Wednesday, July 25, 2007

Steve Nass's Continued Assault

State Representative Steve Nass is serious about manipulating state funding to force UW-Madison to adjust it's ideology. Let's get one thing straight: There are a lot of programs at Madison which are more ideological than academic -- names will be named later. There are a lot of professors and instructors who dabble in the ideological irresponsibly. The insane and irrelevant Kevin Barrett, quoted in the piece, is as good an example as any. But these are issues which UW can sort out for itself, while remaining true to its creed, and any respectable Badger should demand an end to this politicking. We are not a spoiled liberal child whose parents (here, Nass and the state legislature) need to cut off our allowance to get us to behave better. The parents here have a misguided idea of what we are doing wrong, and their goals for our campus are as immature and ideological as some of the elements being targeted.

I browsed around the website for the Havens Center, the progressive off-shoot of the sociology department which Nass is seeking to eliminate. I looked at their description, which does not deceive potential donors; it calls itself a "combination of progressive political commitment and scholarly rigor." And I looked at their past events, a broad selection of speakers dealing with race, class, and gender. It all seemed very dogmatic and progressive at first, and for a moment I felt like very tentatively sympathizing with Nass, until I realized that I'd never been to a Havens Center event and neither (presumably) has he. Their next event, on October 10, is a lecture by Boris Kagarlitsky, an academic from Moscow who organized workers' movements in the Soviet Union and was imprisoned by the Soviet government for distributing suppressed grassroots literature. Kagarlitsky is a socialist, but he opposed the Soviet order, and will no doubt touch upon that opposition in his speech. We should be honest: During the immediate post-Soviet era, when George H.W. Bush's approval ratings were northward of 90 percent, Kagarlitsky is a speaker that Rep. Nass might have loved.

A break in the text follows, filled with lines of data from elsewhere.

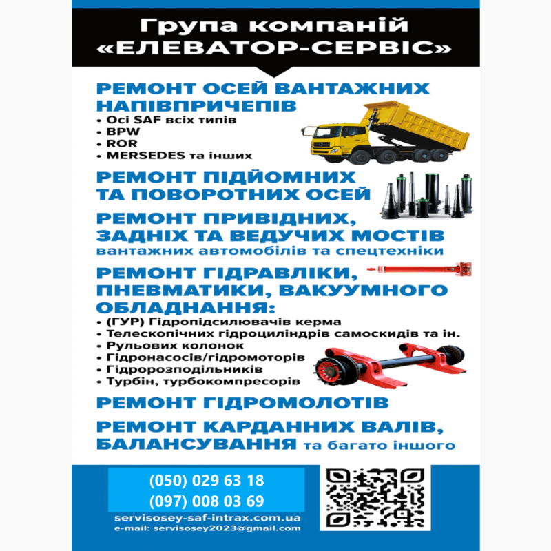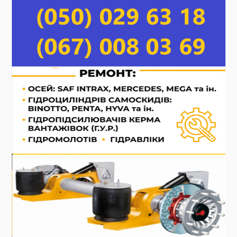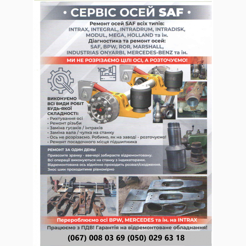 Repair and restoration of SAF axles of MERCEDES and other manufacturers Repair and restoration of axles of MERCEDES and other manufacturers. Repair of SAF axles of all types Intrax Integral, Bpw, Ror, Marshall, Undustrial, Intradrum, Intradisk, Onyarb, Modul, Mega, Holland, Frh, Trl and others. We repair trailers andsemi-trailers Schmitz, Cargobull, Krone, Kogel, Schwarzmuller, Trailor, Kassbohrer, Lohr, Rolfo and others, as well as timber trucks, cement trucks,tanker trucks, refrigerators, car transporters, dump trucks, grain trucks, container trucks, cattle trucks and others. ready to provide you with the best solutions.
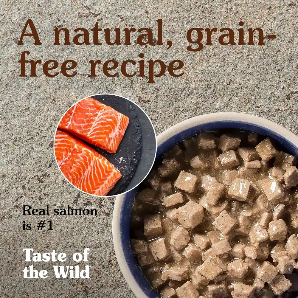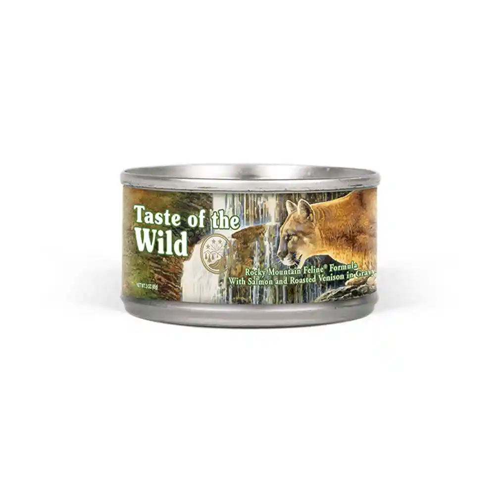Feed your furry friend's wild side with Taste of the Wild Rocky Mountain Grain-Free Canned Cat Food. Featuring real salmon as the very first ingredient along with chicken liver, chicken, roasted venison and ocean fish, this delicious and nutritious, grain-free food includes real peas and pea flour that deliver the highly-digestible energy your active cat needs to thrive. Tomatoes, blueberries and raspberries offer natural antioxidant support for overall health and immunity, while added taurine provides vital support for strong eyesight and healthy heart function. Give your cat companion the taste of the wild she constantly craves!
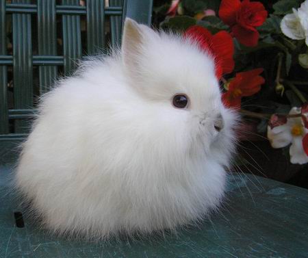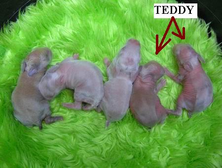 3 dny - je krásně vidět typický znak teddy - klín na zádech u dvou králíčků vpravo, ostatní jsou pouze dlouhosrstí kříženci s teddy genem |
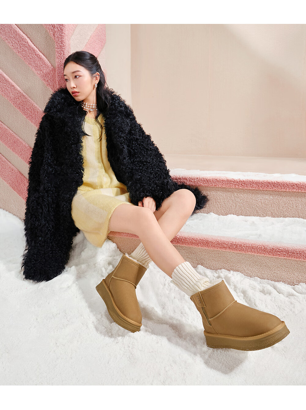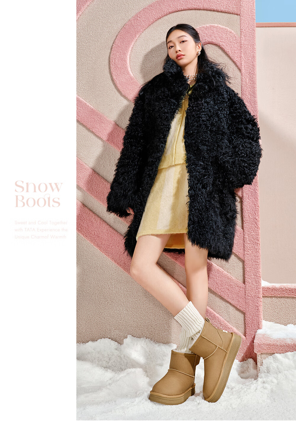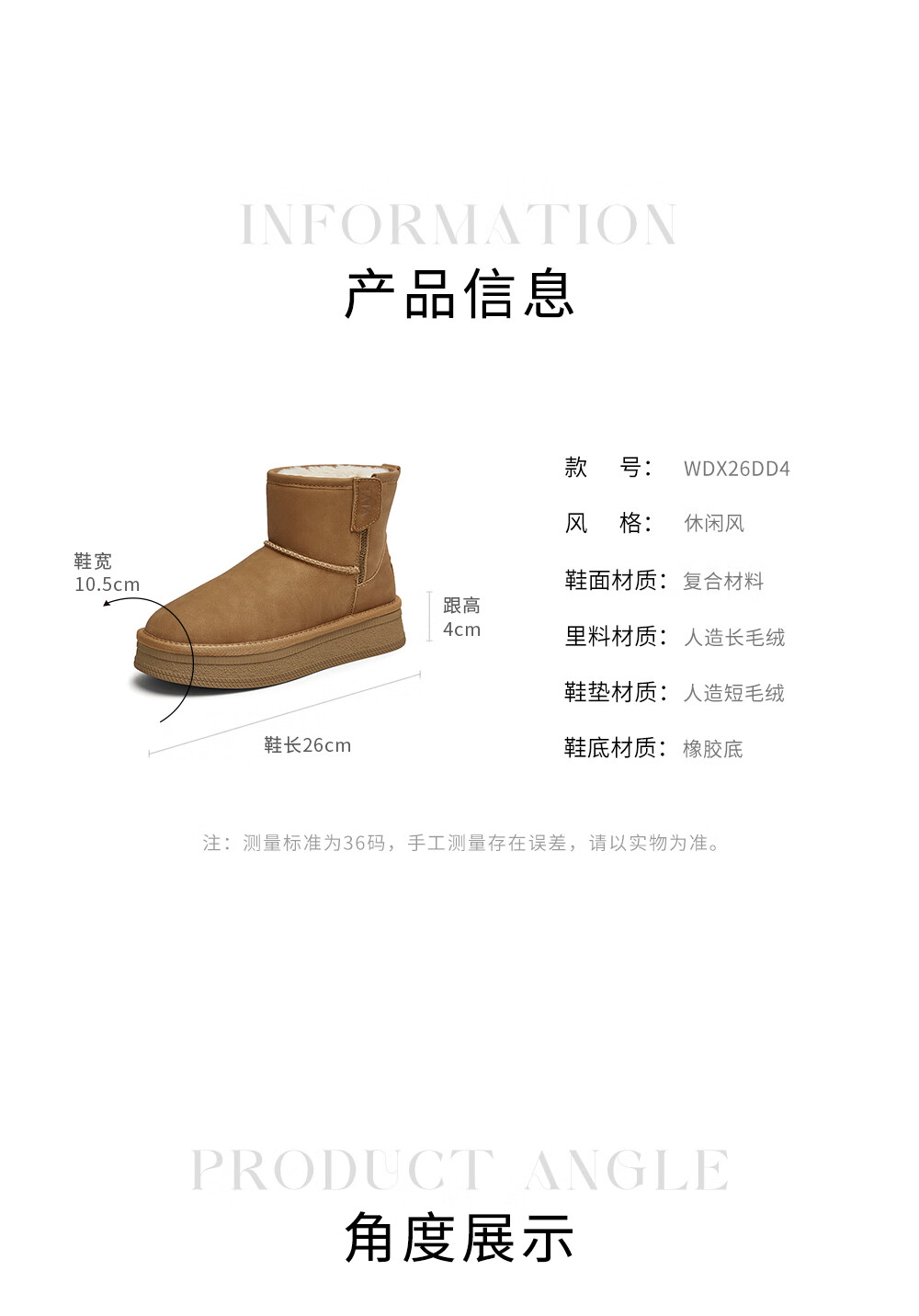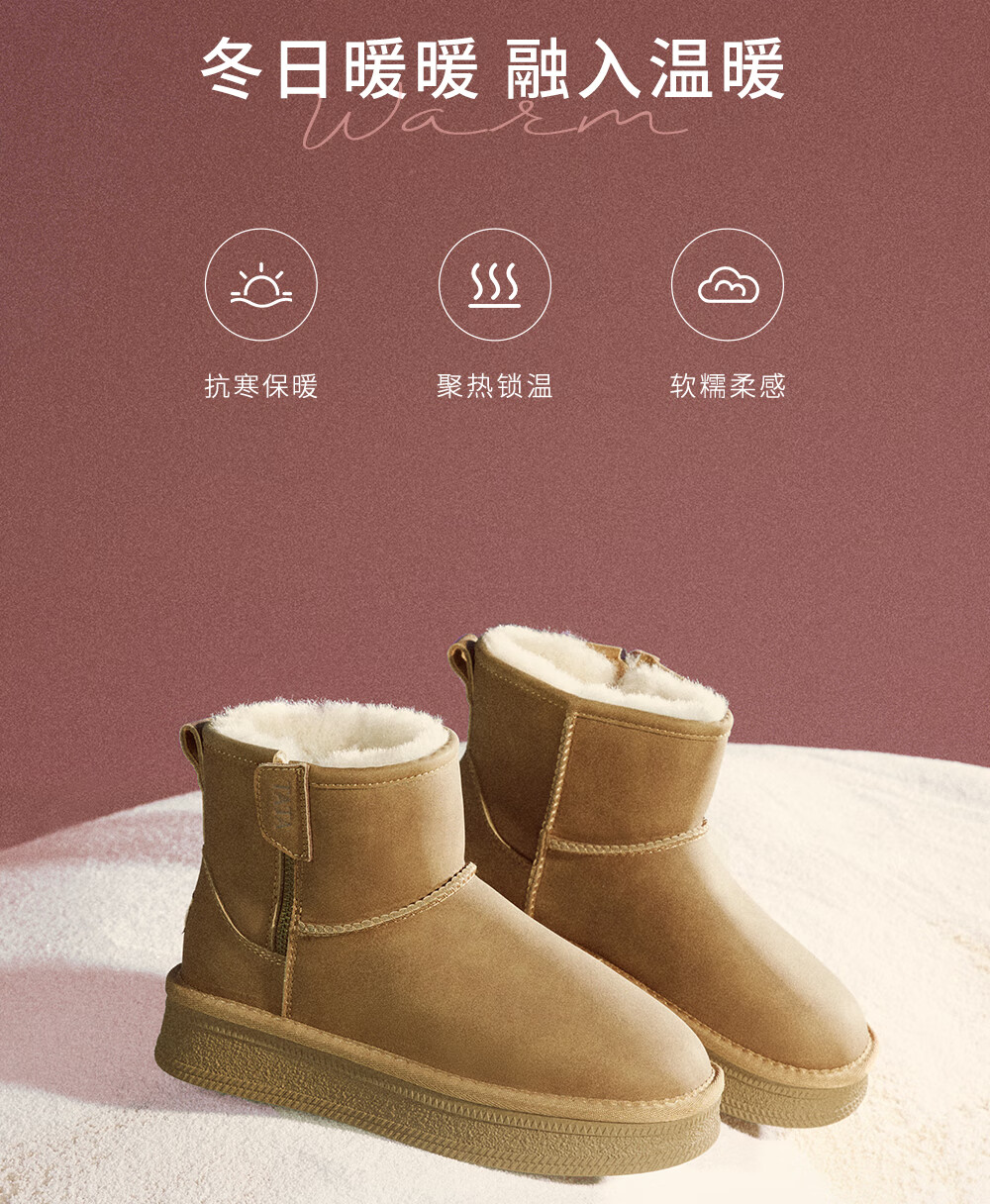 他她TATA暖暖靴冬季加绒雪地靴女靴厚底短靴保暖棉鞋WDX26DD4 灰驼 37
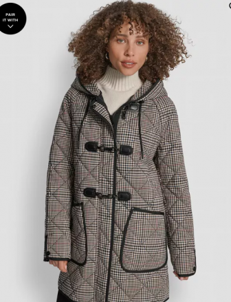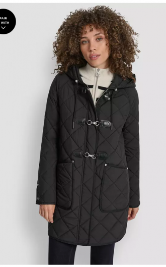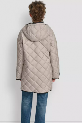 DKNY Women's Hooded Toggle Quilted Coat
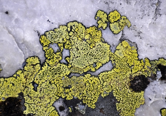Рис. 6. Таллом эпилитного лишайника (а) рода ризокарпон (Rhizocarpon) на камнях курумника (б) горы Большой Иремель, выс. 1500 м. (фото М.Скотниковой, 2019)
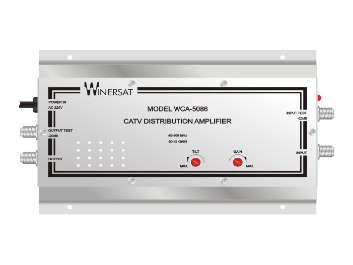 Bộ khuếch đại WINERSAT WCA-5086 rất lý tưởng cho hộ gia đình, nhà nghỉ và các tổ chức, các đơn vị có nhu cầu sử dụng trên 20 tivi, các cá nhân không am tường về kỹ thuật, vì bộ khuếch đại WINERSAT WCA-5086 là thiết bị điều chỉnh linh hoạt nhất trong các dòng khuếch đại tín hiệu truyền hình cáp với các điện trở Tilt Control & Gain Control, độ bền đạt ngưỡng tối đa, giá cả phải chăng cùng rất nhiều ứng dụng trong việc giảm nhiễu đứng hình, sọc, đứt hình của tín hiệu cáp HD.....
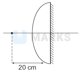 A point object is placed at distance of $20 \mathrm{~cm}$ from a thin planoconvex lens of focal length $15 \mathrm{~cm}$. The plane surface of the lens is now silvered. The image created by the system is at
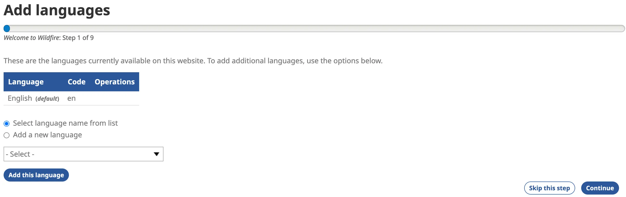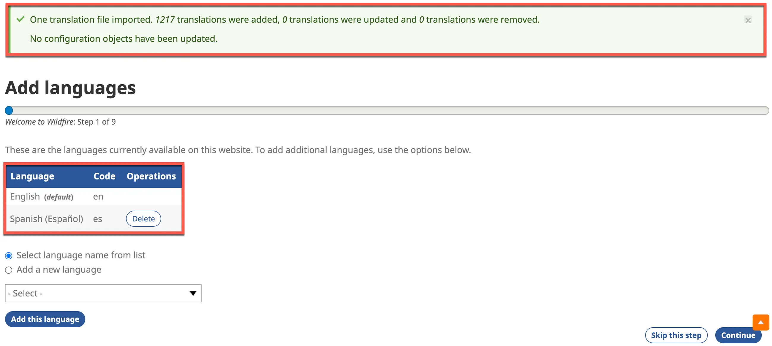 d) It may take a few minutes for the system to import interface translations, and then you will be returned to the Add languages screen.
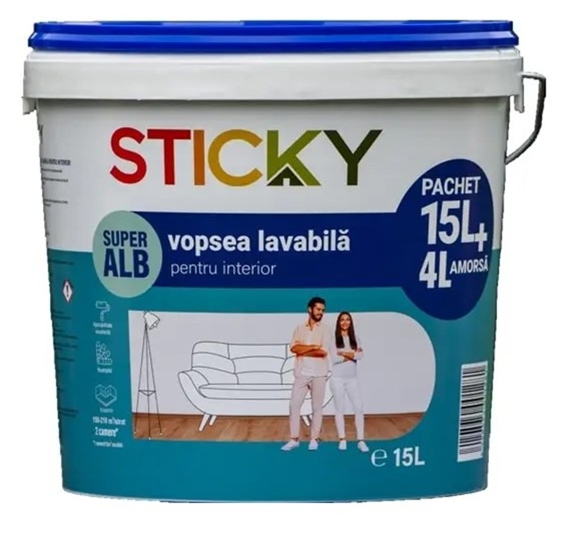 Vopseaua Sticky 2310023 este o vopsea acrilică superlavabilă pe bază de apă, ideală pentru spații care necesită curățare frecventă, precum bucătăriile și băile. Este realizată din copolimeri acrilici în dispersie apoasă, pigmenți, umpluturi și aditivi speciali care asigură o rezistență ridicată a stratului. Vopseaua se aplică ușor și oferă un rezultat uniform, acoperind eficient suprafața dintr-un singur strat, economisind timp și material. Se poate aplica cu trafaletul, pensula sau prin pulverizare, formând un finisaj curat, fără stropire sau dungi. Poate fi colorată cu pigmenți pentru vopsele minerale pe bază de apă sau prin sistem computerizat de nuanțare, oferind flexibilitate în design.
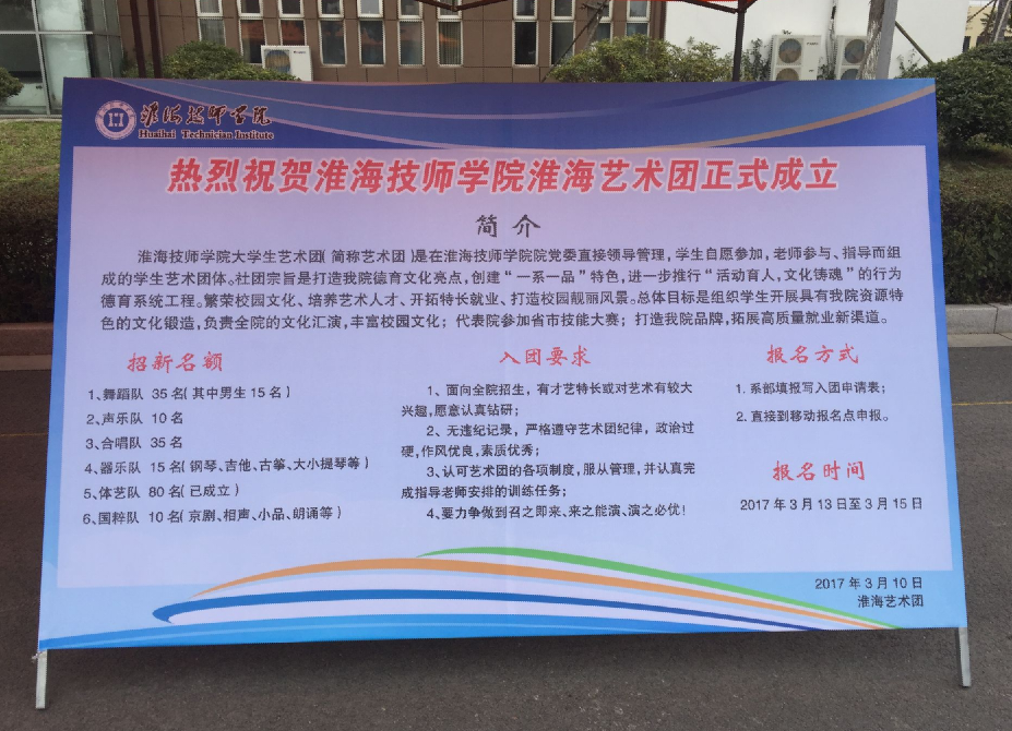 报名首日,便收到超过150份报名表,面对纷至沓来的“报名表”,艺术团委员会将于下周一,按组别对报名学生进行面试,面试分知识问答和才艺展示两部分,择优录取进入艺术团。在此,预祝同学们能在“淮海艺术团”这个平台抓住机会,磨练自己,把握在学校里的黄金时期,注重个人综合能力的发展,为自己、为学院创造辉煌的未来。
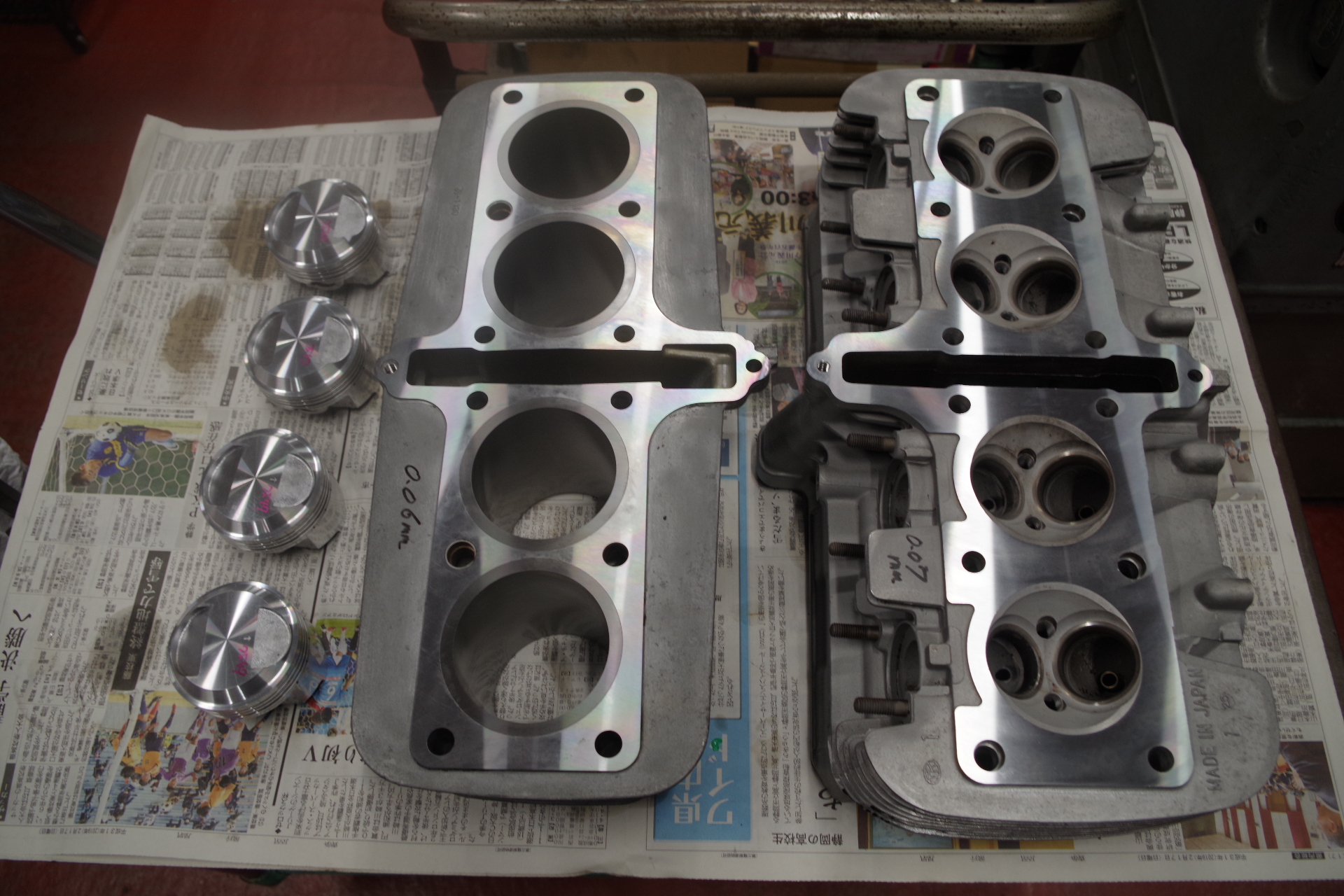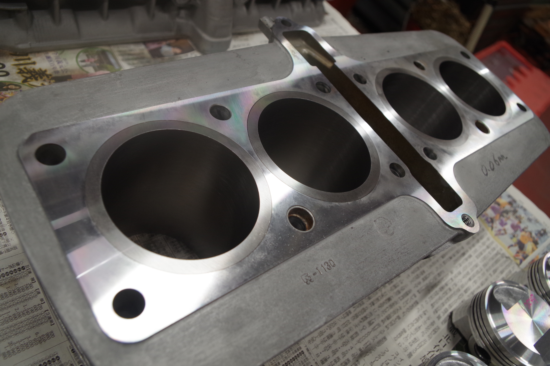 シリンダーボーリング シリンダー上面修正研磨 ヘッド修正研磨。ピストンはヨシムラ製2.0mmO/Sを使用して1120に。ノーマルだと計算上は1060で1100はないです。

The issue is not whether the Havens Center has a stated political orientation. It does. Rather, we should be asking whether it has an academically irresponsible, inflexible bent which makes students uncomfortable and serves no purpose. If the Center is an organization which presupposes that progressive policies lead to the best sociological outcomes, UW might be right to withdraw funding very quickly. But they appear to be more open-minded, more transparent, and more focused than other more indirect ideological positioning at UW -- here, the Comp. Lit. and English departments are good examples. (I have been told in an English class than Dr. Jekyll and Mr. Hyde might be a metaphor for turn-of-the-century homosexual panic.) But we'll fix the English department, just like we'll fix the Havens Center if it stops being relevant. The key word there is we'll. This is an issue for UW, best handled by supporters of academic freedom who have experienced the Madison bubble and know how to change it and who to ask for help. Nass wouldn't ask to cut funding for the English department no matter what he found out about it -- and let's hope he finds out very little.

2 comments:

Matt W said...

Great blog, Eric. Keep up the good work!

Matt W said...

and thanks for the link, appreciate it!